Дениска Еланцев — монтажник-верхолаз. Но то, чем он занят сейчас, далеко от того, к чему он готовил себя целых два месяца на курсах при мостоотряде.
Хоть и говорится, что группа базируется на станции Вели, Дениска до сих пор так и не удосужился побывать там — их сразу зашали в тупик в полутора километрах от станции. Из окна вагона при перегоне состава Дениска разглядел только просвечивающие сквозь березовые стволы серые шиферные крыши поселка да слышал краем уха, что там живут лесозаготовители, что поселок небольшой, но здесь будет город и у него уже есть имя — Березовый, а станция Вели из конечной превратится в большую узловую станцию и что это время не так уж и далеко.
По этому поводу начальник десанта Клюев высказался так, что Дениске сразу стало ясно то, что именно от них, мостовиков, зависит, как скоро превратится поселок лесозаготовителей в город. Эта мысль вызвала в Дениске прилив новых сил, а сознание личной ответственности сделало его непоседливым и покладистым к несправедливостям судьбы.

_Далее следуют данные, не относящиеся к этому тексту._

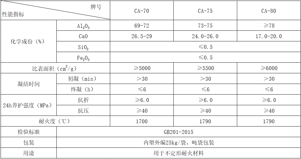 -根據國家標準(GB/T201—2015)的規定:純鋁酸鈣水泥的密度和堆積密度其細度為比表面積≥300m2/kg或45μm篩篩余≤20%。純鋁酸鈣水泥分為CA-70、CA-75、CA-80三個類型,各類型水泥的凝結時間和各齡期強度不得低于標準的規定。

Впрочем, Дениска, еще до того как твердо решил ехать с мостостроителями, знал о трудностях, которые их ожидают, но не думал, что будет тяжело так, как он никогда себе и не представлял. Он знал, что здесь все придется начинать с нуля, но как это — с нуля, было темный лес, кроме того, конечно, что нуль — это пустое место. А Дениска готовился к преодолению трудностей и часто, еще задолго до отъезда, закрыв глаза, размечтавшись, видел себя работающим на высоченной высоте или бегущим по узкой консоли, раскачивающейся в воздухе: ветер свистит в ушах, рвет с плеч брезентовую куртку, срывает с головы монтажную каску, а он, Дениска Еланцев, бесстрашно, как циркач-канатоходец, делает свое дело, нужное, важное и чертовски опасное — на грани жизни и смерти.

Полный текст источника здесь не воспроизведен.